-- Supplied records --

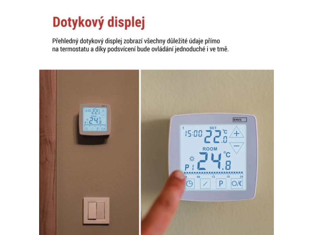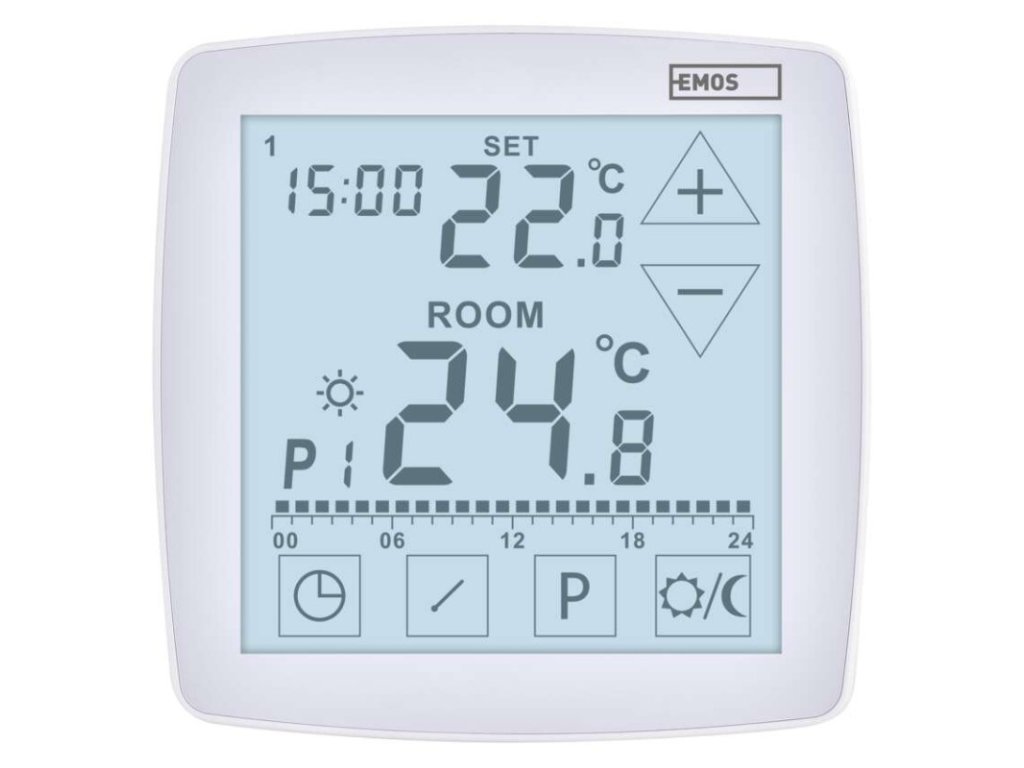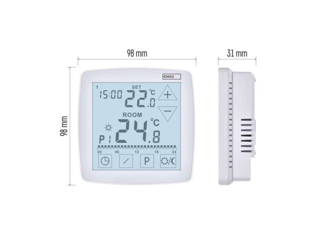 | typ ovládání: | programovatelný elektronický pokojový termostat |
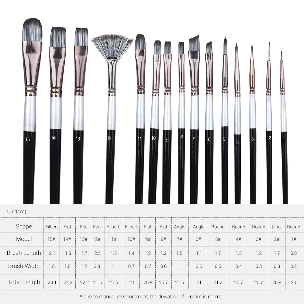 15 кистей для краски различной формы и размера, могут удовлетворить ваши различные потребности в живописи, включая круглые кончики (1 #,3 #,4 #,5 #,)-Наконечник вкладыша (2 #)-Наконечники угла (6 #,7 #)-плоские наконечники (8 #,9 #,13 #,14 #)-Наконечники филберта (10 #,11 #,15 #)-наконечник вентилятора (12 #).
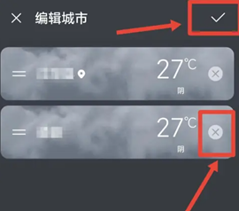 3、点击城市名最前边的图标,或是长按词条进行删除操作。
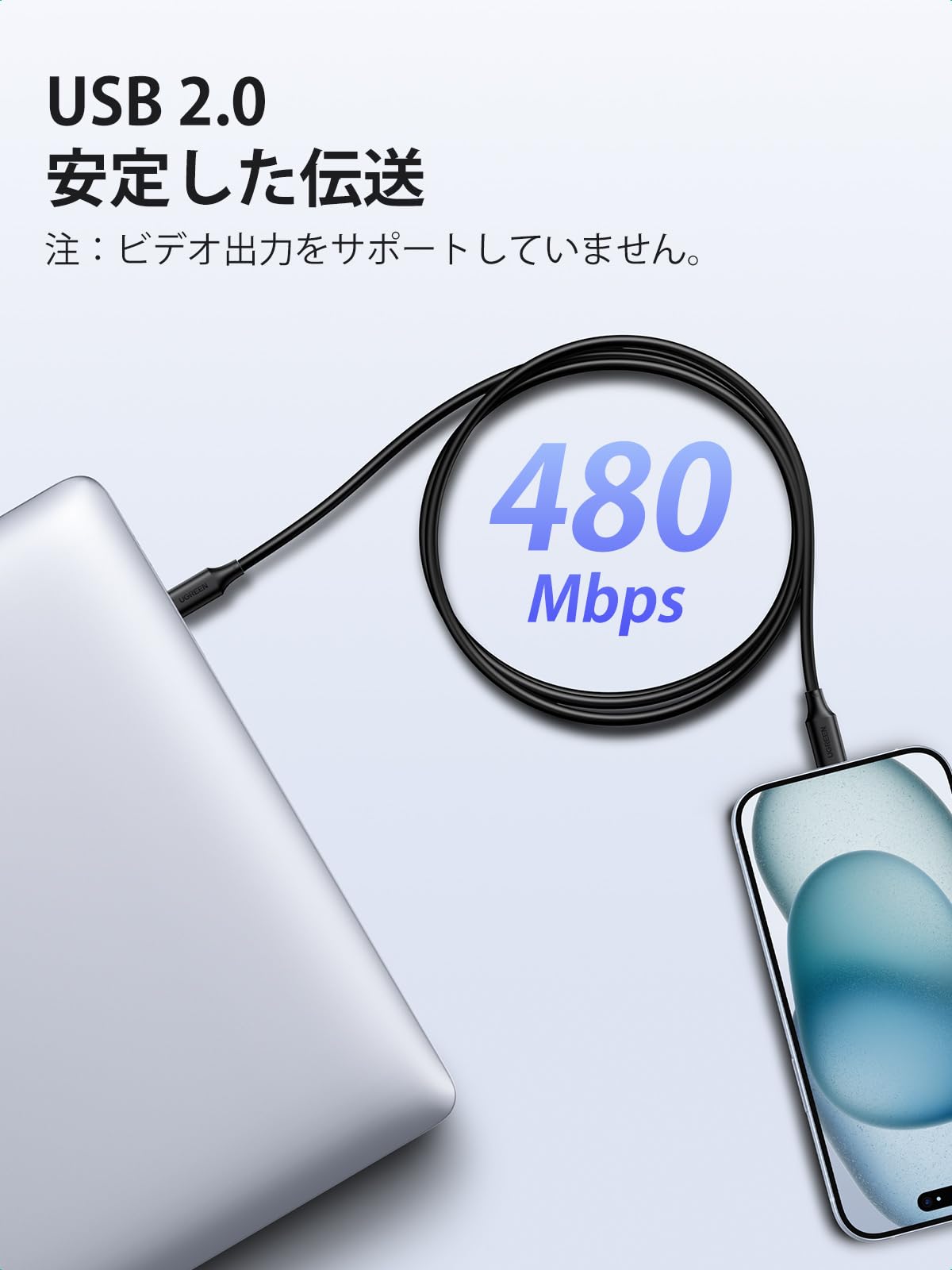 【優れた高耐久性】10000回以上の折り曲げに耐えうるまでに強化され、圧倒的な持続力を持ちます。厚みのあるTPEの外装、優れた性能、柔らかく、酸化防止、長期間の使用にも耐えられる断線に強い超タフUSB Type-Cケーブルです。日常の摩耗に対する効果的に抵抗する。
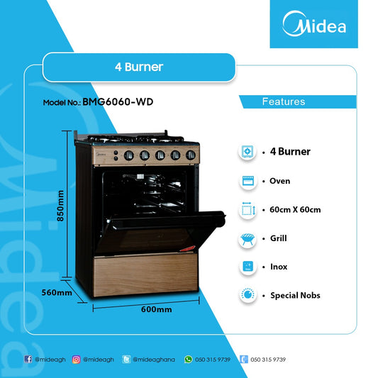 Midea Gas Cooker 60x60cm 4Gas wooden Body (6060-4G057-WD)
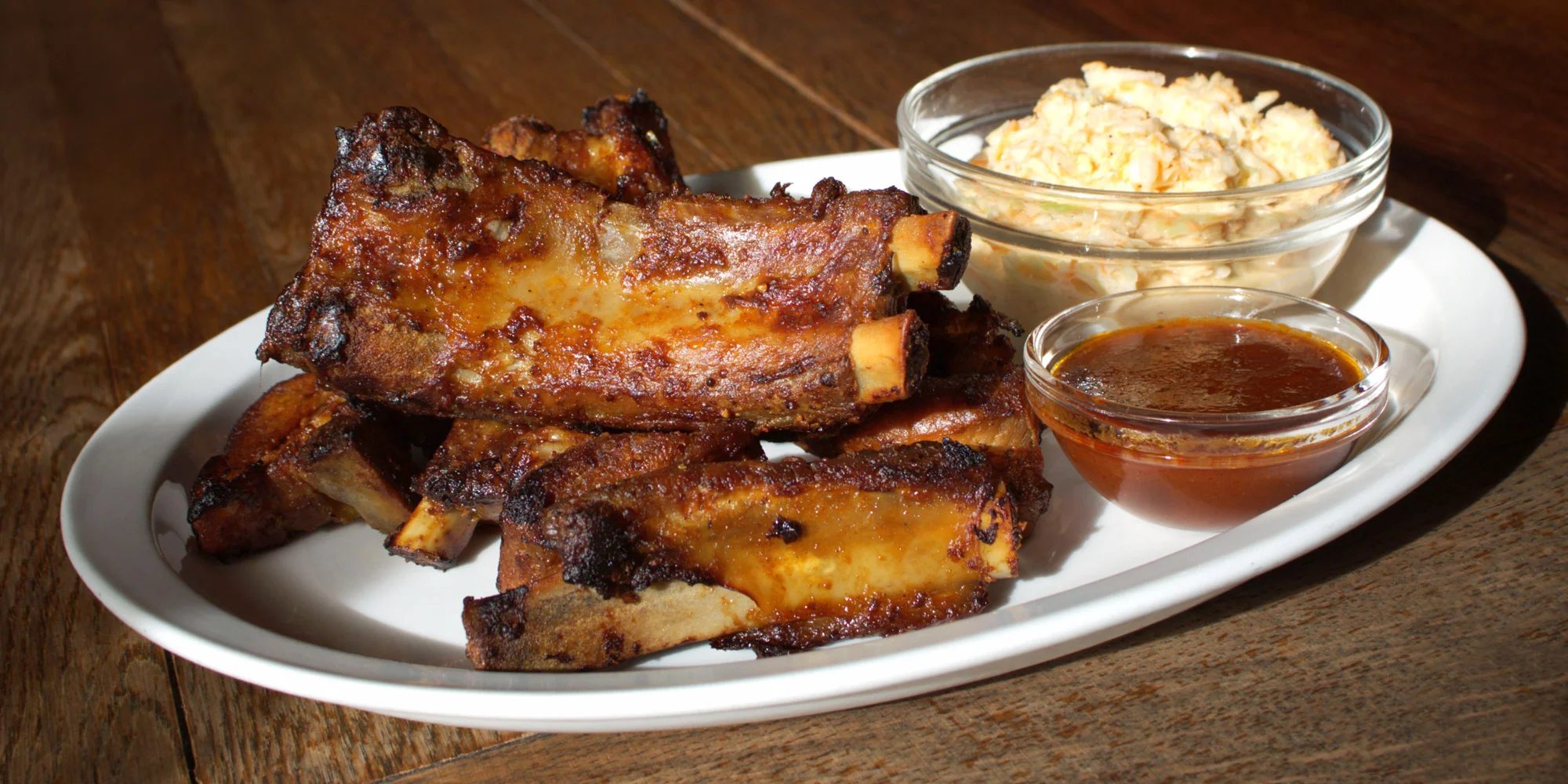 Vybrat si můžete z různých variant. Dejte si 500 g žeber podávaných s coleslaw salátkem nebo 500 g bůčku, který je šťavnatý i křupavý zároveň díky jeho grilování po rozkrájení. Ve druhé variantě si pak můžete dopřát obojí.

-- Task description --
Your answer is all of the records restated word for word, pictures excluded.

-- Response --
 | typ ovládání: | programovatelný elektronický pokojový termostat |
 15 кистей для краски различной формы и размера, могут удовлетворить ваши различные потребности в живописи, включая круглые кончики (1 #,3 #,4 #,5 #,)-Наконечник вкладыша (2 #)-Наконечники угла (6 #,7 #)-плоские наконечники (8 #,9 #,13 #,14 #)-Наконечники филберта (10 #,11 #,15 #)-наконечник вентилятора (12 #).
 3、点击城市名最前边的图标,或是长按词条进行删除操作。
 【優れた高耐久性】10000回以上の折り曲げに耐えうるまでに強化され、圧倒的な持続力を持ちます。厚みのあるTPEの外装、優れた性能、柔らかく、酸化防止、長期間の使用にも耐えられる断線に強い超タフUSB Type-Cケーブルです。日常の摩耗に対する効果的に抵抗する。
 Midea Gas Cooker 60x60cm 4Gas wooden Body (6060-4G057-WD)
 Vybrat si můžete z různých variant. Dejte si 500 g žeber podávaných s coleslaw salátkem nebo 500 g bůčku, který je šťavnatý i křupavý zároveň díky jeho grilování po rozkrájení. Ve druhé variantě si pak můžete dopřát obojí.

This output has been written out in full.